As a music producer and songwriter, Goldner is known for drawing upon both acoustic and electronic textures. Since 2009, his work as producer and bandleader of Grace McLean & Them Apples has yielded two albums, combining McLean’s vocal looping techniques with organic instruments. Consecutive performances at Lincoln Center’s American Songbook Series in 2015 and 2016 garnered recognition in the New York Times, in which Stephen Holden wrote: “In the tradition of Bobby McFerrin, [Grace McLean] is also a sonic wizard who multiplies her voice in electronic loops that can turn a singer into a one-person chorus and rhythm section. […] The electronics wove in and out of polyrhythmic jazz and swing arrangements conceived mostly by Justin Goldner, her musical director and bassist.”
Goldner participated in developing the music for Pasek and Paul’s films The Greatest Showman, Spirited, and Lyle, Lyle Crocodile, as well as their musical Dear Evan Hansen, which he ultimately performed on Broadway and in the 2021 film adaptation. He has been featured in other performances with Ricky Martin, Macy Gray, Tori Kelly, Donald Glover, Shawn Mendes, Ledisi, Bruce Springsteen, James Taylor, Idina Menzel, Jordin Sparks, Ludwig Goransson, Ariana DeBose, Matisyahu, Amanda Brown, Steve Martin, John Turturro, Allison Williams, Jane Monheit, Jesse McCartney, Emily Kinney, Audra McDonald, Jeremy Jordan, Cynthia Erivo, Lolo, Grace Weber, Elle Varner, and his mentor, Meshell Ndegeocello. 

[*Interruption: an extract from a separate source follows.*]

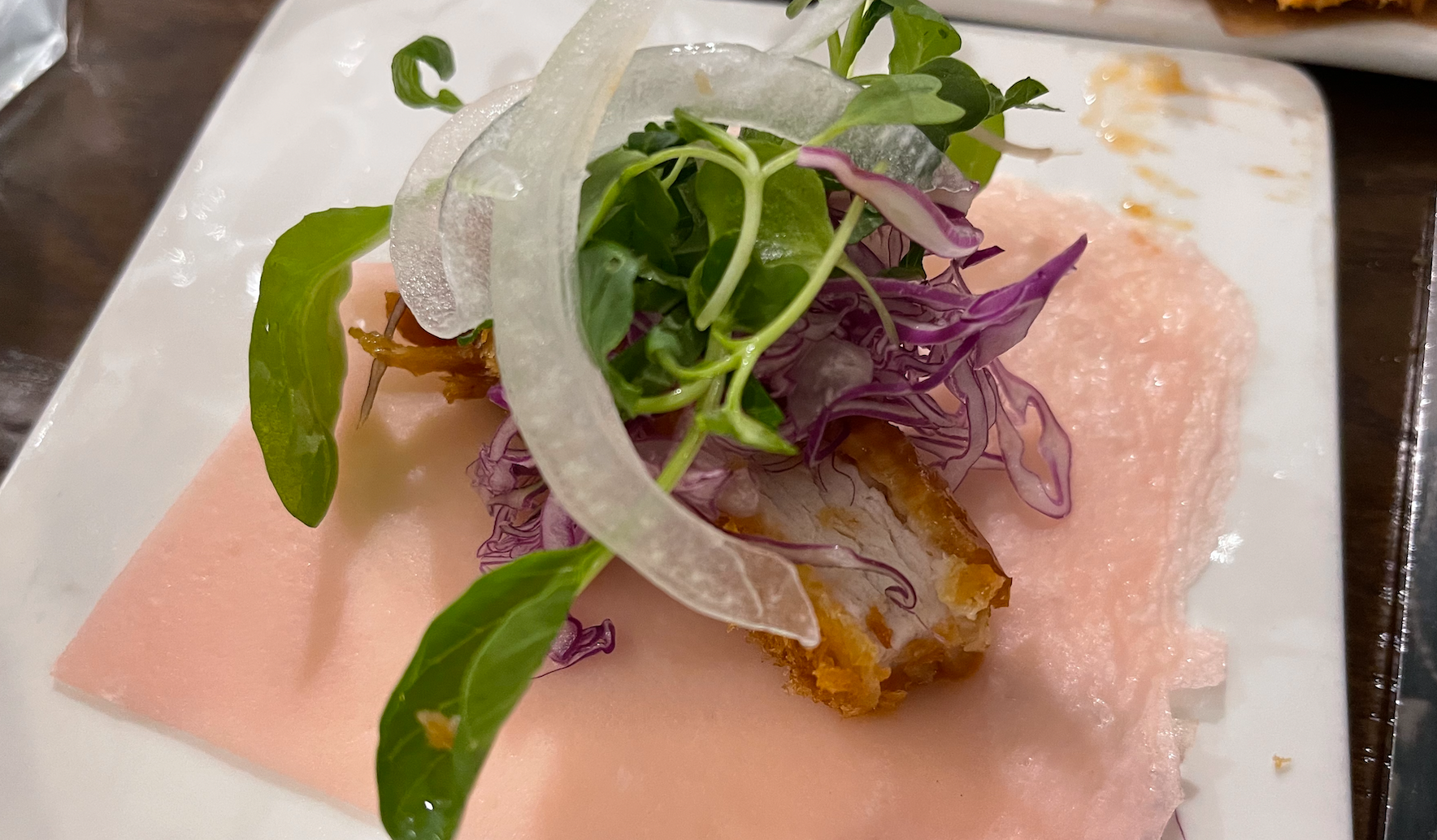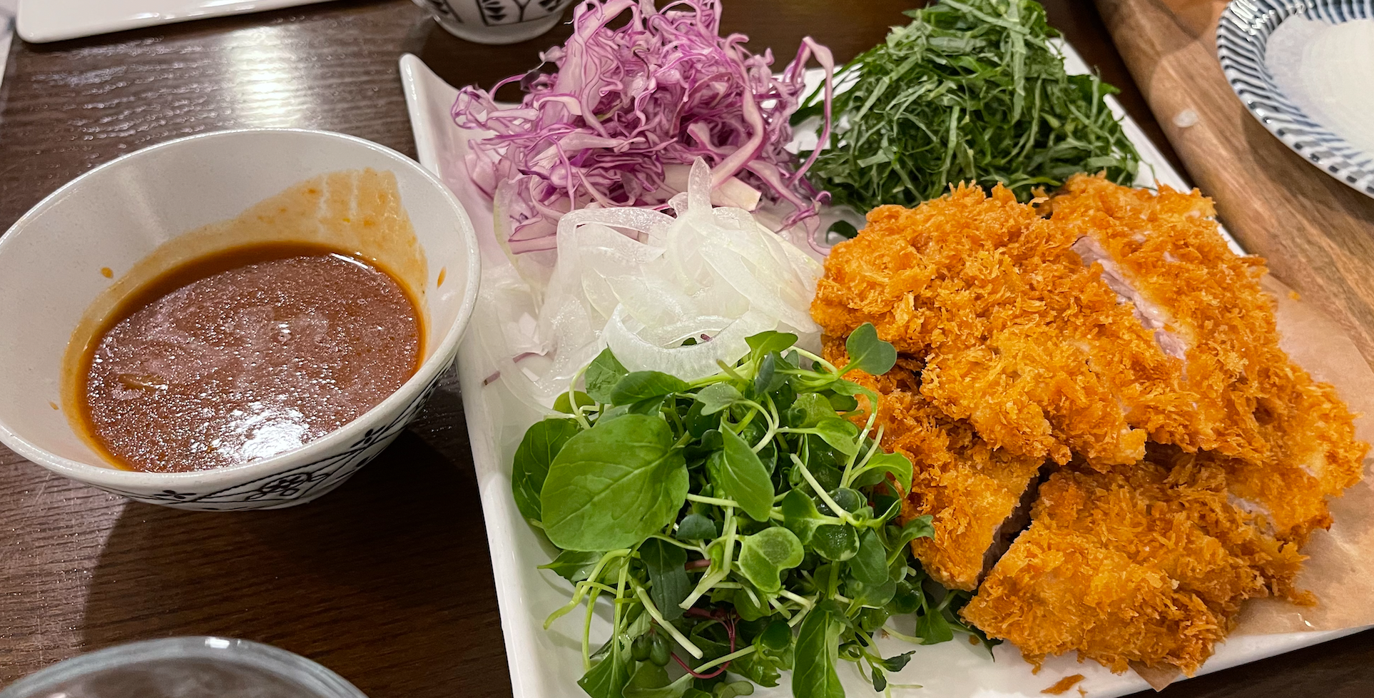 마싯내 돈가스는 "쫀득한 밀전병에 야채를 싸 먹는 돈가스"라고 적혀있습니다. 밀전병에 싸 먹는다니 상상이 안 갔습니다.

Other notable production and songwriting releases have included folk-pop trio Saint Adeline's eponymous debut album, Cinco Paul & Ken Daurio's Bubble Boy, and "Destiny", included on Hasbro's Jem & The Holograms tribute album. Goldner has also performed classically with the Chelsea Symphony and Teatro Graticello, and performed live electronics and sound design with new acoustic crossover group 9 Horses. He is known as well for collaborations with global artists, including Bollywood composers Shankar Mahadevan and Vishal Bhardwaj, Latin Grammy-winning Venezuelan vocalist/trumpeter Linda Briceño and Cuban rock band Del Exilio.

Discography

Production & Songwriting 

Tori Kelly – "Waving Through a Window" (2021)
Ariana DeBose – "Shall We Dance" (2021)
Anne of Green Gables: A New Musical (2020)
Drew Gasparini – We Aren't Kids Anymore (2020)
Mike Tedesco – Hardly Recognizable (2019)
Hey Guy – "Stereo" (2019)
Neisha Grace ft. Natalie Weiss – "Lovestruck" (2018)
Jared Saltiel – Out of Clay (2018)
9 Horses – "The Water Understands" (2017)
Cinco Paul – Bubble Boy [Original Cast Recording] (2017)
Alice J Lee – "In Love With Drew", "Trouble" (2016)
Janet Krupin – Hipster Pinup (2016)
Saint Adeline – Saint Adeline (2016)
Barnaby Bright – "Destiny" (released on Truly Outrageous: A Tribute to Starlight Records, 2015)
Grace McLean & Them Apples – Natural Disaster (2015)
Bri Arden – All The Above (2014)
Abby Bernstein – Talk in Tongues (2012)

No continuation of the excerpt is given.